Using the `weather_station_id`, create a new dataframe called `weather_bin` where <p> `weather.STA == weather_station_id`

In [None]:
# Complete the code below
weather_bin = 
## Convert the date column to datetime object
weather_bin["Date"] = 

In [None]:
# Now, let's visualise the mean temperature of the Bindukuri location
plt.figure(figsize=(22,10))
plt.plot(weather_bin.Date,weather_bin.MeanTemp)
plt.title("Mean Temperature of Bindukuri Area")
plt.xlabel("Date")
plt.ylabel("Mean Temperature")
plt.show()

* As you can see, we have temperature measurement from 1943 to 1945.
* Temperature ossilates between 12 and 32 degrees.
* Temperature of winter months is colder than temperature of summer months.

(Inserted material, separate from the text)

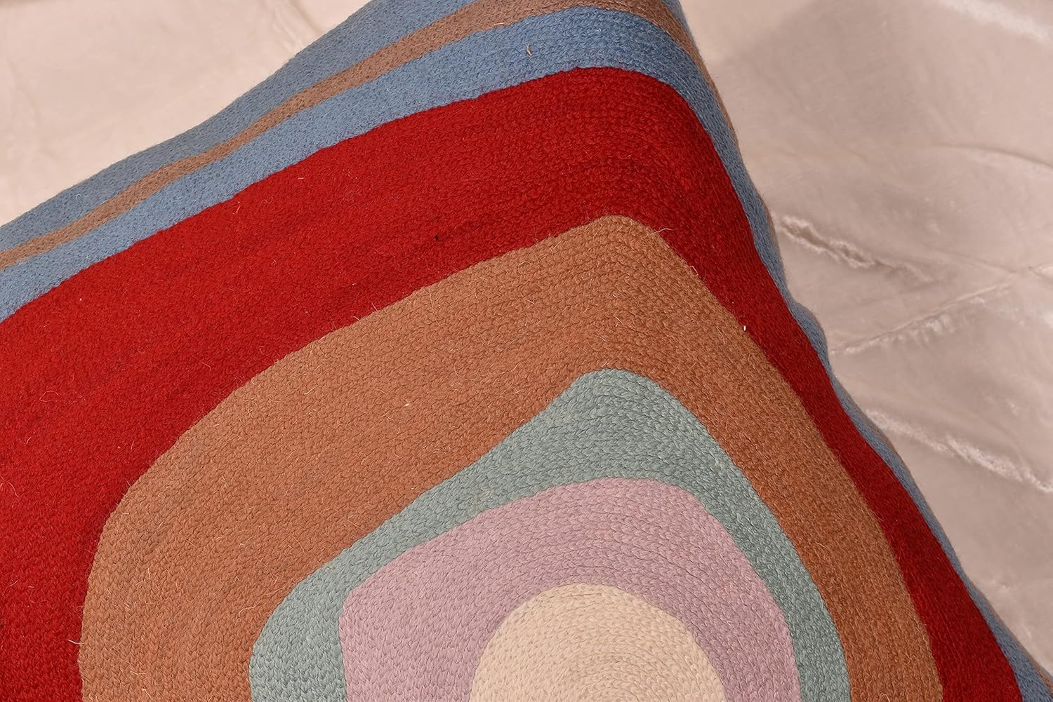 - π MODERN THROW PILLOW COVER - HAND EMBROIDERED: These colorful decorative modern throw pillow covers are inspired by the art of Kandinsky and are hand embroidered in soft wool to perfection, stitch by stitch, by the finest artisans, creating an extraordinary all modern abstract pillow for your home decor. A close-up view of this all modern accent pillow cover allows you to see the amazing fine chain-stitch hand embroidery. A perfect modern sofa pillow for your contemporary couch.
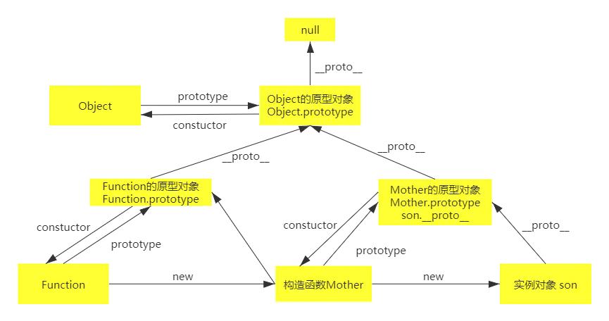 每一个构造函数(Person)都有一个原型对象(prototype);每个原型对象都包含一个指向构造函数的指针(constructor);每个实例都包含一个指向原型的内部指针(__proto__)。

### Let's select USA from the attack country, and Burma as target, and City of target as Katha

Reload the <u>operations</u> data as `aerial`

In [None]:
# Load the data here
aerial = pd.read_csv("")

# Let's look at the data.
aerial.head()

Create a new column called year by getting the year of attack from the "Mission Date" column. Filter only after year 1943.

In [None]:
aerial["year"] = [ each.split("/")[2] for each in aerial["Mission Date"]]
aerial["month"] = [ each.split("/")[0] for each in aerial["Mission Date"]]
aerial = aerial[aerial["year"]>="1943"]
aerial = aerial[aerial["month"]>="8"]

For each of the date of attack in `Mission Date`, get the MeanTemp of the city of that date from `weather_bin` dataframe. 

In [None]:
# Create 2 vector, one for MeanTemp, one for Date of attack.
meantemp_list = []
date_of_attack = []

# Now find date of attack, and meanTemp of that day
for each in aerial_war["Mission Date"]:
    dummy = weather_bin[weather_bin.Date == each]
    meantemp_list.append(dummy["MeanTemp"].values)
aerial_war["dene"] = liste
for each in aerial_war.dene.values:
    date_of_attack.append(each[0])

Visualise the Mean temperature on the day of the attacks.


In [None]:
# Create a trace
trace = go.Scatter(
    x = weather_bin.Date,
    mode = "lines",
    y = weather_bin.MeanTemp,
    marker = dict(color = 'rgba(16, 112, 2, 0.8)'),
    name = "Mean Temperature"
)
trace1 = go.Scatter(
    x = aerial_war["Mission Date"],
    mode = "markers",
    y = date_of_attack,
    marker = dict(color = 'rgba(16, 0, 200, 1)'),
    name = "Bombing temperature"
)
layout = dict(title = 'Mean Temperature --- Bombing Dates and Mean Temperature at this Date')
data = [trace,trace1]

* Green line is mean temperature that is measured in Bindukuri.
* Blue markers are bombing dates and bombing date temperature.
* As it can be seen from plot, USA bomb at high temperatures.
    * The question is that can we predict future weather and according to this prediction can we know whether bombing will be done or not.
    * In order to answer this question lets first start with time series prediction.